Milovan Djilas’s “The New Class: An Analysis of the Communist System” published in Persian
TEHRAN – The Persian translation of the book “The New Class: An Analysis of the Communist System” written by the Yugoslav communist politician, theorist, and author Milovan Djilas has been made available in the bookstores across the country.
Translator, historian, and professor of philosophy Enayatollah Reza has translated the book into Persian and Now Publication has brought it out in 269 pages, Mehr reported.
It is a political theory book about the concept of the new class by the communist Yugoslav figure and intellectual Milovan Djilas.

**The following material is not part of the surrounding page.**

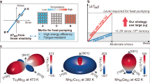 The high-pressure XRD measurements results revealed that as the applied pressure increased, the intensity of the diffraction peaks corresponding to λ-(20-3) and λ-(203) gradually diminished, while the diffraction peaks associated with β-(20-3) and β-(003) gradually intensified, suggesting a gradual phase transition from the λ to the β-phase (Fig. 3d and Supplementary Figs. 41 and 42). The cross-pressure for the phase transition of λ-Al0.12Ti2.88O5 was estimated to be approximately 557 MPa (Supplementary Fig. 43). The similar phase transition from the λ to the β-phase was also observed in λ-MxTi3-xO5 (M = Mg, Sc, V, Cr, Mn, or Fe) (Supplementary Figs. 44–50). Figure 3e and Supplementary Fig. 51 show that as the temperature increased from 300 K (25 °C) to 363 K (90 °C), the diffraction peaks of β-(20-3) and β-(003) gradually weakened, while the diffraction peaks of λ-(20-3) and λ-(203) gradually strengthened. This result indicated the gradual transition of the β-phase into the λ-phase with an estimated crossover temperature of ~363 K (Supplementary Fig. 52). Upon further heating to 403 K, the diffraction peaks for the β-phase nearly vanished, indicating the transition from the β-phase to the λ-phase was completed. At high temperatures (>453 K), the λ-phase undergoes a second-order phase transition to the α phase, but then it reverts to the λ-phase upon cooling. Therefore, during the cooling process, the α-phase underwent a phase transition to the λ phase that existed stably in the temperature range of 403–300 K. A similar phase transition from β-phase to λ-phase was also observed in β-MxTi3-xO5 (M = Mg, Sc, V, Cr, Mn, or Fe) (Supplementary Figs. 53–57). Furthermore, the enthalpy during the β→λ phase transition directly reflected the heat storage capacity of β-MxTi3-xO5. The differential scanning calorimetry test results showed that, except for β-MnxTi3-xO5, the above pressure-treated samples exhibited significant endothermic peaks, with β-AlxTi3-xO5 having more pronounced heat storage capabilities (Fig. 3f and Supplementary Fig. 58). When x decreased from 0.13 to 0.10, the phase transition enthalpy of β-AlxTi3-xO5 increased from 15.70 J/g (3.51 kJ/mol) to 21.78 J/g (4.87 kJ/mol), and the phase transition temperature increased from 351 K to 371 K. It is noted that β-AlxTi3-xO5 had an excellent heat storage performance, showing reversible phase transition characteristics under the influence of external pressure and temperature. However, the phase transition pressure from λ to β still required several hundred MPa, making the application limited.

He proposed that the party-state officials formed a class which “uses, enjoys, and disposes of nationalized property”.
In the former Yugoslavia, the book was not legally published until 1990, when Narodna knjiga from Belgrade finally released it. Before that, both the Serbian manuscript and the English edition circulated on the black market. The manuscript was completed before 1956, the year of Djilas’s arrest, after which he spent nine years in prison, including 22 months in solitary confinement. The book has been translated into 50 languages and sold over 3 million copies.
“The New Class” created a sensation when published in the U.S. in 1957. It was the 1st time that a ranking Communist had publicly analyzed his disillusionment with the system. Djilas, a former associate of Tito's who had traveled from the lowest to the highest rung of the hierarchical ladder and who was imprisoned for his views, had found himself increasingly estranged from contemporary Communism and attracted to the idea of democratic socialism.

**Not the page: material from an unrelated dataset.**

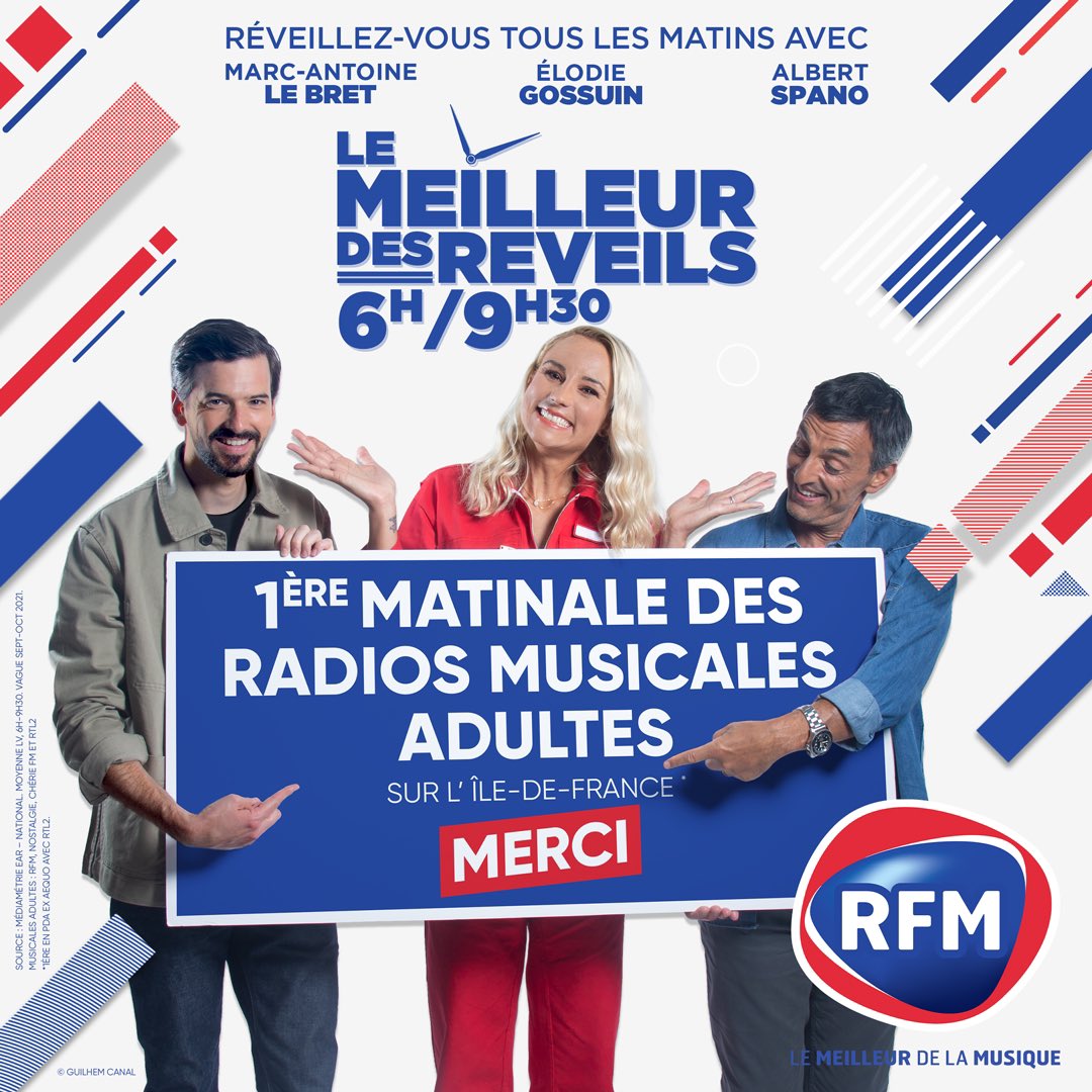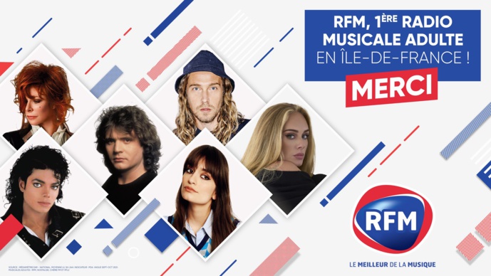 "Grâce à une musique qui rassemble et à la très forte fidélité de ses auditeurs, RFM est leader des radios musicales entre 9h30 et 16h sur Paris avec une part d’audience de 3,8%. RFM est aujourd’hui la radio musicale adulte que les Franciliens écoutent le plus longtemps : 1h38min".

Here, however, he puts aside the story of his personal evolution to write a detached, lucid, courageous critique of the Communist system: its roots, the character of its revolutions, the rise of its powerful political bureaucracy – “the new class” - in what was intended to be a classless society, its one-party state, its economic policies and its tyranny over minds. Finally, he examines the essence of the conflict between the USSR and the West.
In the book, Djilas discusses the roots of modern Communism, with the communists citing Marx, the “replacement of capitalism can take place only by revolutionary means”. Yet, he confesses that “almost nothing remains of original Marxism...only a residue of formalism and dogmatism remained of Marx's dialectics and materialism; this was used for the purpose of cementing power, justifying tyranny, and violating human conscience”.
Revolutions only took place in Russia, China, and Yugoslavia. Communism was imposed on Poland, Czechoslovakia, Hungary, Romania, and Bulgaria by the Soviet Army, and made them identical to the Soviet system.
Djilas defines the new class in the book as the political bureaucracy, “a monopoly over the working class itself”. This “new class actually seized the lion's share of the economic and other progress earned by the sacrifices and efforts of the masses”. Djilas attributes the rise of this new class to Stalin.
Djilas foresaw the future independence movement in Eastern Europe. The Communist Eastern European countries did not become satellites of the USSR because they benefited from it, but because they were too weak to prevent it. As soon as they become stronger, or as favorable conditions are created, a yearning for independence and for protection of 'their own people' from Soviet hegemony will arise among them.
Milovan Djilas (1911 – 1995) was a Yugoslav communist politician, theorist, and author. He was a key figure in the Partisan movement during World War II, as well as in the post-war government. A self-identified democratic socialist, Djilas became one of the best-known and most prominent dissidents in Yugoslavia and all of Eastern Europe.